The term ‘hemorrhagic septicemia’ was first introduced by Snieszko in the year, 1933. This disease is known by various synonyms such as red-mouth disease, infectious dropsy, rubella disease, red-pest and freshwater eel disease. In India, it is known either by the name of infectious dropsy or bacterial hemorrhagic septicemia [1].

Bacterial hemorrhagic septicemia has been described by many investigators [2-7]. Definitive diagnosis of bacterial hemorrhagic septicemia can be made on the basis of external signs and the isolation and identification of the etiological agents [8]. Although motile Aeromonas species are typically recognized as opportunistic pathogens or secondary invaders, cases have been reported of A. hydrophila acting as a primary fish pathogen [9-13].

P. fluorescens was originally described as the causative agent of bacterial hemorrhagic septicemia disease of pond-cultured fish [14,15]. It is considered as a primary pathogen of freshwater fish and opportunistic pathogen for different fish species cultured in marine and brackish waters worldwide [16,17]. Isolation and characterization of P. fluorescens from gills of silver carp (Hypophthalmichthys molitrix), grass carp (Ctenopharyngodon idella), African magur (Clarias gariepinus) and Nile tilapia (Oreochromis niloticus) has also been reported by some workers [18,19].

The present work was, therefore, undertaken to study the etiology, symptoms, causes and treatment of bacterial hemorrhagic septicemia in Cyprinus carpio and Channa striatus.

Materials and Methods

Diseased fish brought to the laboratory were examined grossly and photographed for characterization of lesions. For the purpose o f bacteriological examination, the methodologies applied by [5,20-22] were followed. Samples for bacteriological examination were collected by inserting sterile inoculating loop into the lesions or tissues. All bacterial isolates were examined for gram reaction. Characterization of pure cultured organisms was done by applying morphological and biochemical tests. Artificial infection trials were conducted on the fingerlings of C. carpio and C. striatus, averaging 12.4 ± 0.28 g in weight and 8.17 ± 0.13 cm in length kept in aquaria (90×45×45cm), washed with KMnO4 and filled with 100 liters of freshwater.
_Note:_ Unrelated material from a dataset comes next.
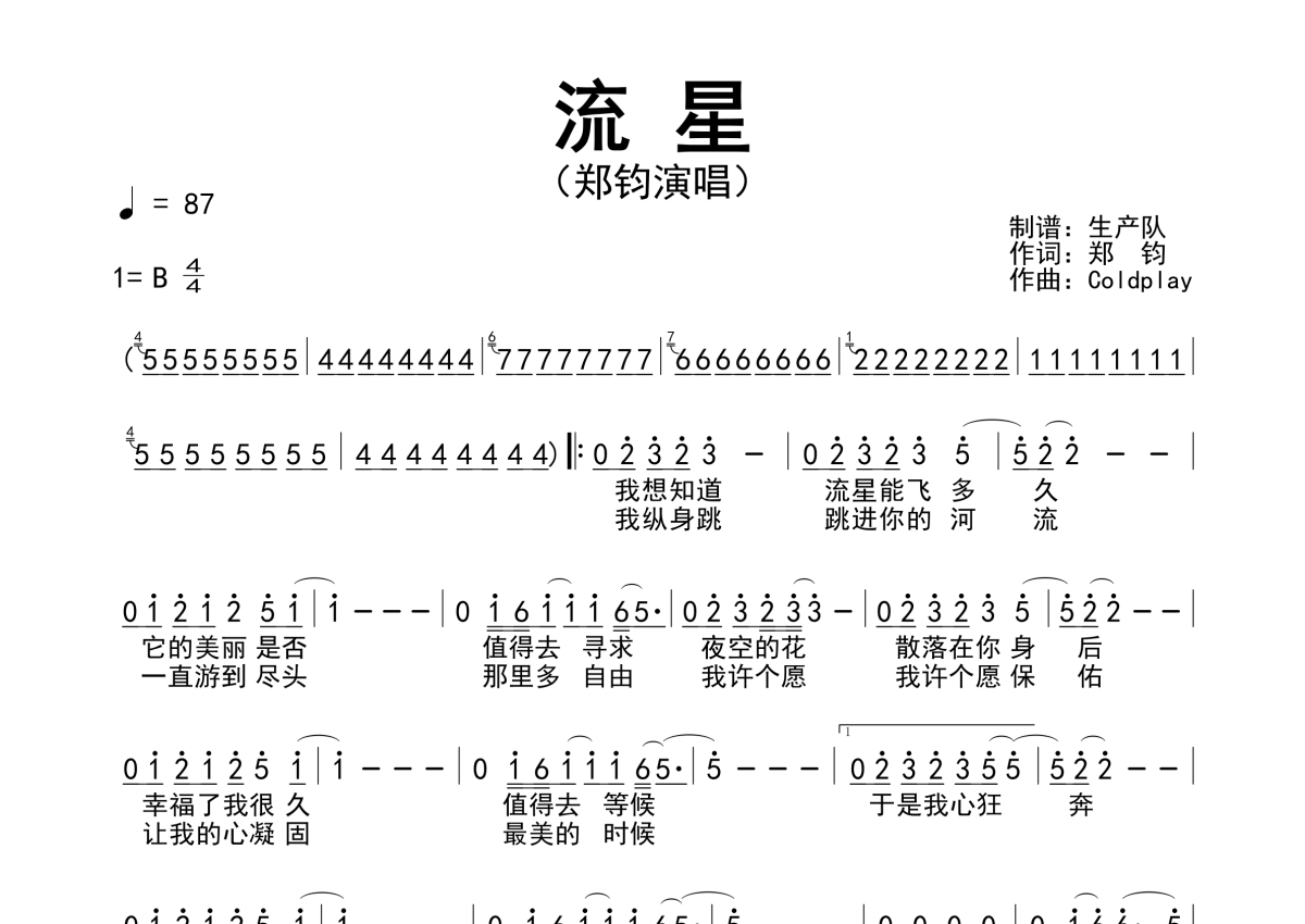 《流星》是郑钧演唱的一首歌曲,拍号为4/4拍,歌曲速度为每分钟87拍,这份简谱共有一张高清图谱,图谱由 @生产队 编配上传郑钧演唱的歌曲《流星》简谱。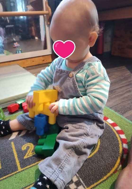 Alma s’amusait à faire des tours quand Arthur a trouvé cela intriguant. Alors il a commencé à prendre un légo puis un deuxième. Quelques essais plus tard, il a compris le principe .. et c’est parti pour une séance de motricité fine.. une belle coordination main œil 😊

In each experiment, ten fishes were used which were acclimatized in laboratory conditions for one week prior to the experiment and fed with dry pelleted diet.
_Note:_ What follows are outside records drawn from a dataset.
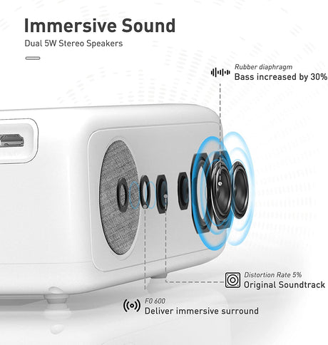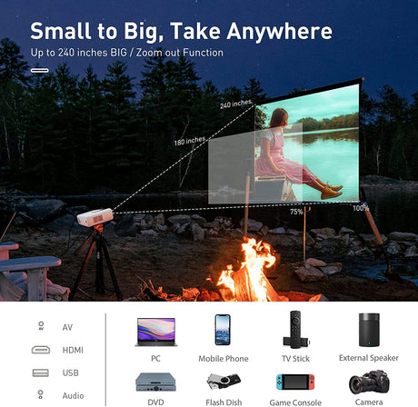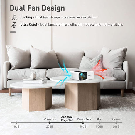 ASAKUKI Projetor 9800L Tela Até 240'' Correção Trapezoidal iPhone/Android/HDMI/USB/AV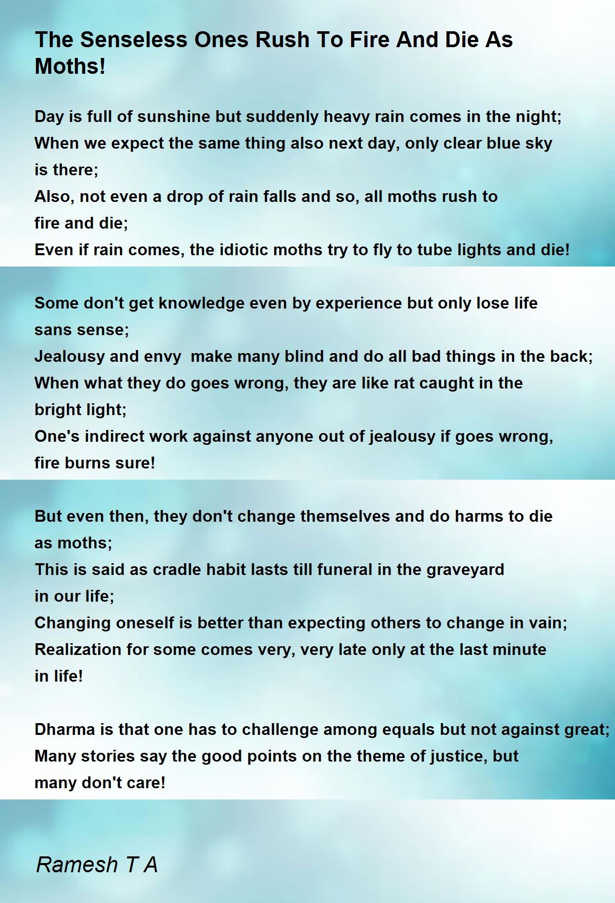 Also, not even a drop of rain falls and so, all moths rush to fire and die;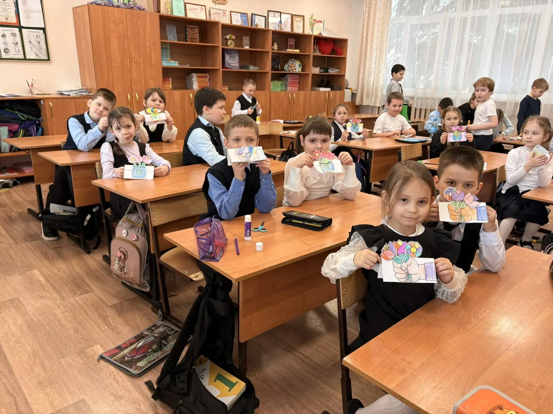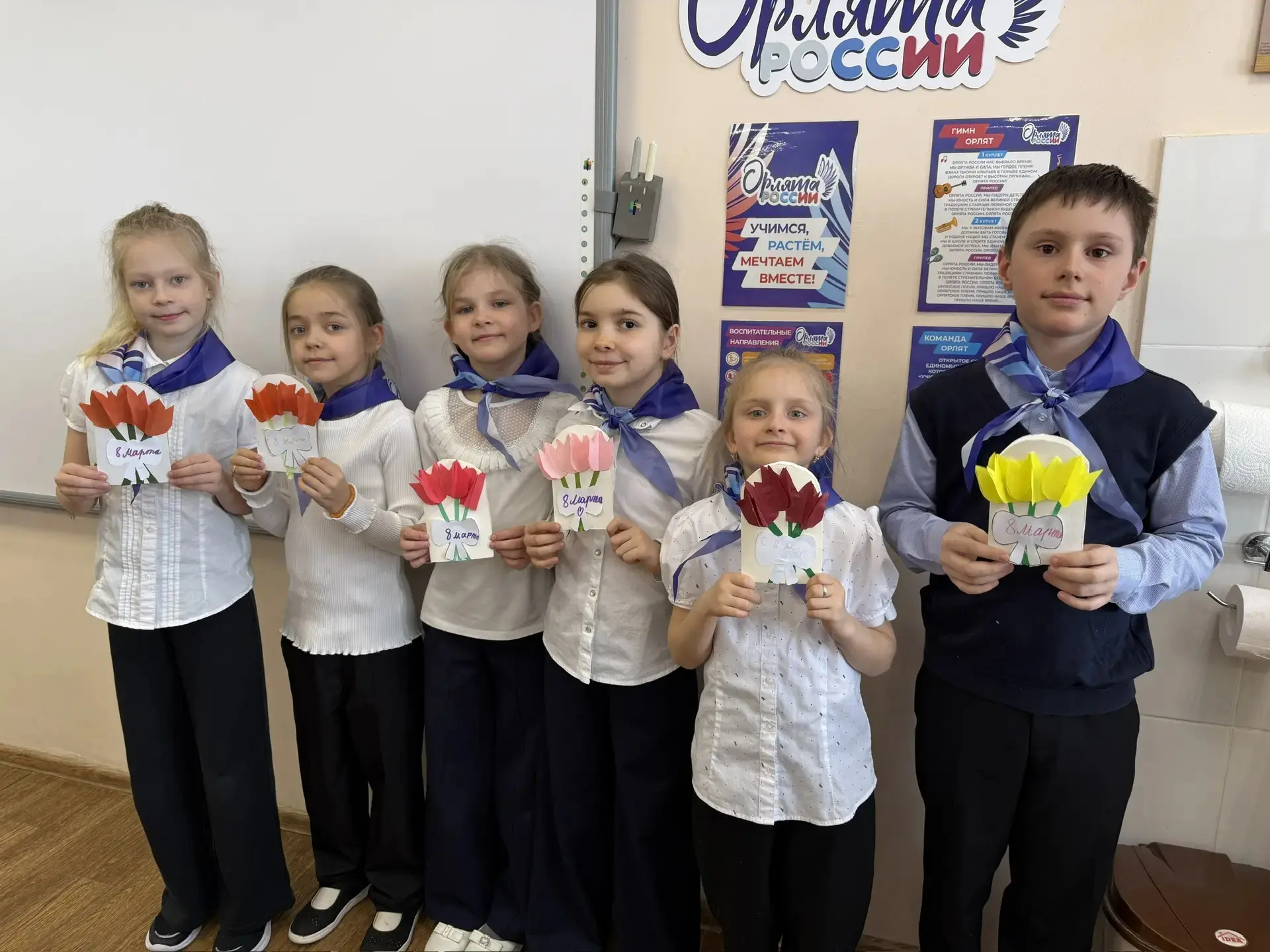 🇷🇺 Орлята России МБОУ "Лицей №5" приняли участие в активности "Букет для любимых" и подготовили особенный сюрприз для своих мам и бабушек накануне праздника весны — Международного женского дня 8 марта. Дети сделали своими руками оригинальные букеты. Каждое изделие было создано с любовью и теплотой детских сердец ❤️.

The hematological parameters of diseased fishes were compared with those of apparently healthy specimens with no visual disease symptoms. For this purpose, the blood samples were taken from the caudal peduncle and heart with the help of 3 ml syringe. R.B.Cs. and W.B.Cs. were counted with the help of hemocytometer. Blood smears were prepared and stained with Leishman’s stain for the differential count of W.B.Cs. Hemoglobin concentration was measured by using hemoglobin meter. The data were analyzed statistically by using student ‘t’ test. For histological examination, the infected tissue was taken out and preserved in aqueous Bouin’s fluid for 48-72 hours. The tissue was then processed routinely and prepared into paraffin blocks. The blocks of the tissue were cut at 6μm thickness and stained with Delafield’s Haematoxylin and Eosin (H-E). Sections were studied under microscope on different magnifications and photographed.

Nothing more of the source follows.